Area X gets weirder (and more male-driven) in Jeff VanderMeer’s fourth installment, the prequel Absolution.
I’m a big fan of Jeff VanderMeer’s Southern Reach trilogy (2014). I’ve presented on it at conferences, taught Annihilation multiple times, and wrote a dissertation chapter on the trilogy. I’ve spent a lot of time thinking about these books—perhaps too much time to accurately write a review of the fourth book, Absolution, so do with that what you will. Also, there will be light spoilers for the trilogy.
The original trilogy explores a place on the Florida coast called Area X through multiple characters and points of view. Area X is a transitional environment where things that enter it do not remain the same (to put it mildly), with sometimes horrific results. The Southern Reach is a quasi-governmental agency created to control (or defeat) Area X and try to figure out what exactly is going on. By the end of the trilogy, it’s clear Area X cannot be contained.

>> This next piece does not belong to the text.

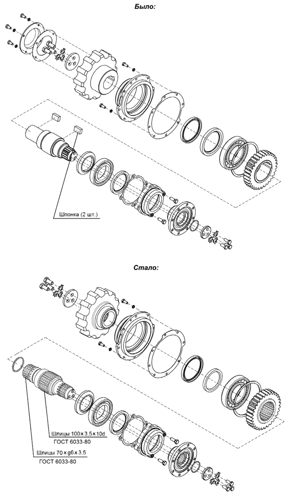 Замена шпоночного соединения на шлицевое

Ten years later, VanderMeer has released Absolution, which takes place before Area X becomes the infamous location of the trilogy. Like the environment that VanderMeer has released this prequel into, much has changed—including VanderMeer as a writer. His more direct works (which is perhaps a misnomer) such as Finch (2009) and Southern Reach trilogy have been replaced with more dense, circular stories that give up linearity for the weird. While VanderMeer has always been part of the new weird, his later novels, such as Dead Astronauts (2019), really lean into the weird in terms of structure and prose. I wondered how he would approach this change in his style when it came to returning to Area X or if he would double down on his current style. He chose the latter, so while the novel doesn’t read quite the same as the original trilogy, it retains the weirdness.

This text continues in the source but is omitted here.